Building JSON parser using FsLex and FsYacc

1 Introduction

FsLexYacc is a solution which allows you to define and generate a lexer and a parser. It's made of two parts: - FsLex (the lexer generator) - FsYacc (the parser generator).

Parsing is a two phase process. In the first phase the lexer is analyzing text and creates a stream of tokens (or a token list). In the second phase the parser is going through the tokens in the stream and generates output (a syntax tree).

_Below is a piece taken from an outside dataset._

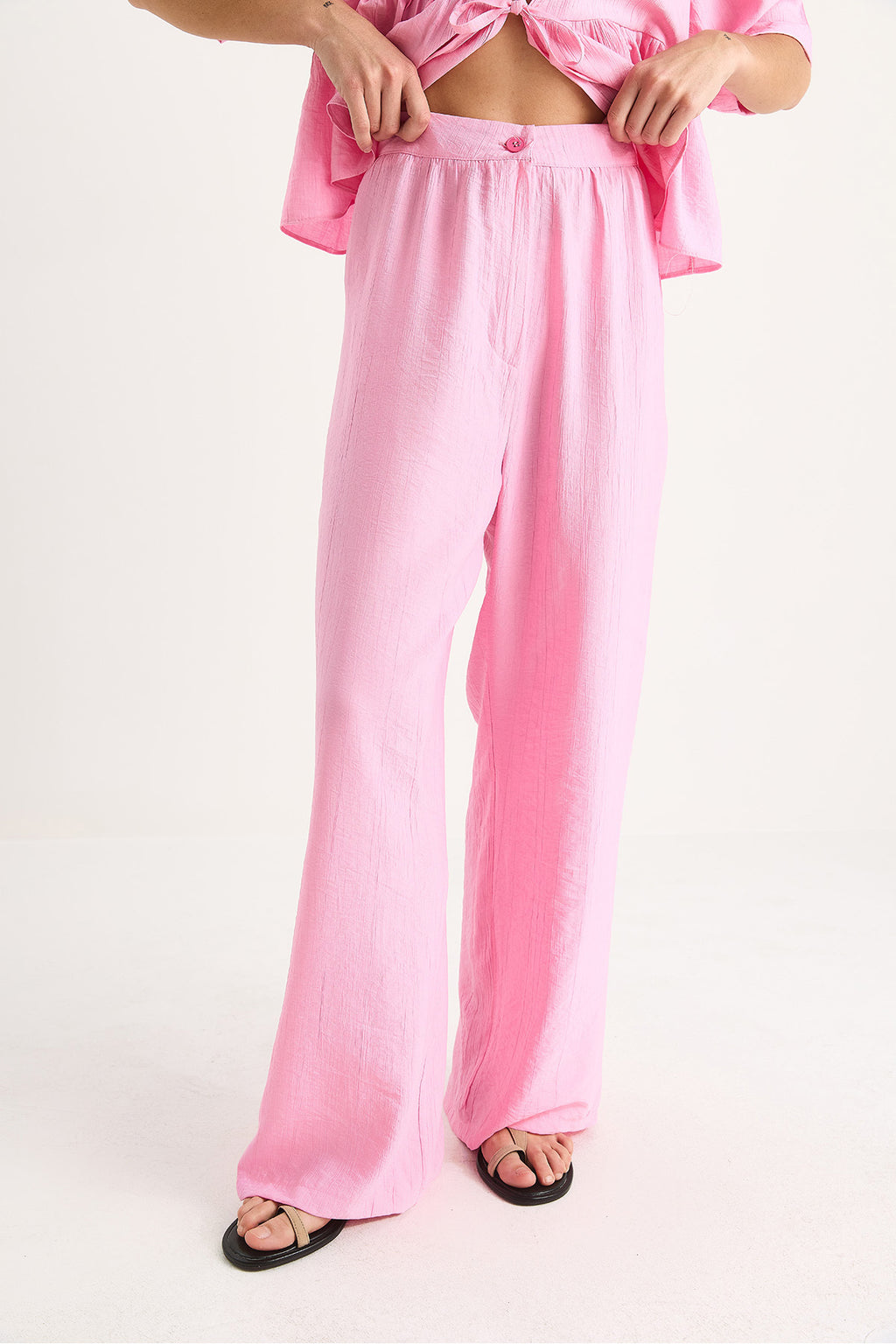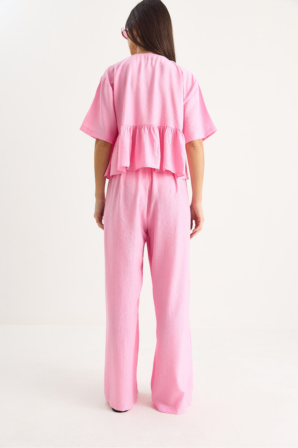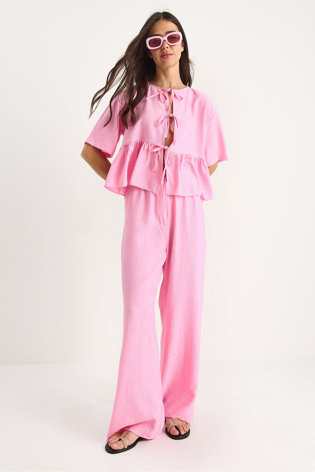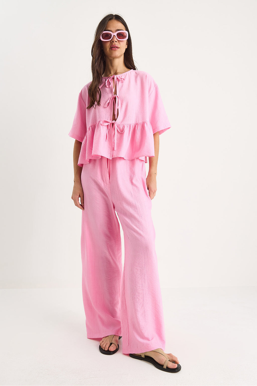 Women's Tie Detailed Short Sleeve Blouse Trousers Bottom-Top Set 9265 60281014
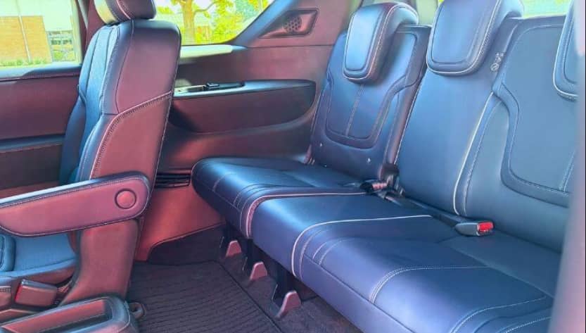 عند الدخول إلى داخل QX60، يجد الركاب مساحة تتسع لما يصل إلى سبعة أشخاص. المقعدان الأماميان في الصف الثاني المتاحان كخيار مقاعد «كابتن» يوفّران راحة إضافية لأولئك الذين يفضّلون ترتيباً بستة مقاعد. المقاعد مغطّاة بجلد ناعم مع تطريز ماسي، وتزيينات من خشب مفتوح المسام، وإضاءة محيطة تضفي جوًا فاخرًا داخل المقصورة.

FsYacc (the parser generator) is decoupled from FsLex (the lexer generator) and can accept a token stream from any lexer. The generated parser will require a function which can translate the tokens generated by a lexer into tokens configured in the parser. To avoid additional pointless work if you use FsYacc with FsLex you should define the parser first. This way FsYacc will generate an union type defining all required tokens. Then you can use this union type to generate tokens inside the lexer. So despite the fact that lexing happens before parsing we will define the parser first. It means that in your F# project the generated parser must be placed before the lexer in the list of files to compile.

2 Syntax tree

Create a new F# library project and install the FsLexYacc package:

PM> dotnet add yourproject.fsproj package FsLexYacc

We will start by describing the syntax tree. It will be the result of parsing a text. Add a new file called JsonValue.fs and paste the following union type definition into it:

module JsonParsing

type JsonValue = 
    | Assoc of (string * JsonValue) list
    | Bool of bool
    | Float of float
    | Int of int
    | List of JsonValue list
    | Null
    | String of string

Nothing fancy here. Assoc is simply an object which contains a list of properties (a pair where fst is a property name and snd is a value). List is for JSON arrays. We also have numbers, bool, string and null. It's enough to describe a valid JSON.

3 Parser definition

In your project root directory (not in the solution root) create a file called Parser.fsy. Now edit the project file (.fsproj): Find the line where JsonValue.fs is included and add the following xml element below it:

<FsYacc Include="Parser.fsy">
    <OtherFlags>--module Parser</OtherFlags>
</FsYacc>

The whole thing should look like this:

...
<ItemGroup>
    <Compile Include="JsonValue.fs" />
    <FsYacc Include="Parser.fsy">
    <OtherFlags>--module Parser</OtherFlags>
    </FsYacc>
    ...
<ItemGroup>
...

Reload/Open the project and add the following code to Parser.fsy:

//This parser has been writen with help of "Real world OCaml" book By Yaron Minsky, Anil Madhavapeddy, Jason Hickey (chapter 16)
%{
open JsonParsing
%}

%start start

%token <int> INT
%token <float> FLOAT
%token <string> ID
%token <string> STRING
%token TRUE
%token FALSE
%token NULL
%token LEFT_BRACE
%token RIGHT_BRACE
%token LEFT_BRACK
%token RIGHT_BRACK
%token COLON
%token COMMA
%token EOF

%type <JsonParsing.JsonValue option> start

%%

start: prog { $1 }

prog:
  | EOF { None }
  | value { Some $1 }

value:
  | LEFT_BRACE object_fields RIGHT_BRACE { Assoc $2 }
  | LEFT_BRACK array_values RIGHT_BRACK { List $2 }
  | STRING { String $1 }
  | INT { Int $1 }
  | FLOAT { Float $1 }
  | TRUE { Bool true }
  | FALSE { Bool false }
  | NULL { Null }

object_fields: rev_object_fields { List.rev $1 };

rev_object_fields:
  | { [] }
  | STRING COLON value { [($1,$3)] }
  | rev_object_fields COMMA STRING COLON value { ($3, $5) :: $1 }

array_values:
  | { [] }
  | rev_values { List.rev $1 }

rev_values:
  | value { [$1] }
  | rev_values COMMA value { $3 :: $1 }

This file is describing parsing rules and tokens. When you build the project, a new file called Parser.fs will be created in the project root directory. Include it in your project.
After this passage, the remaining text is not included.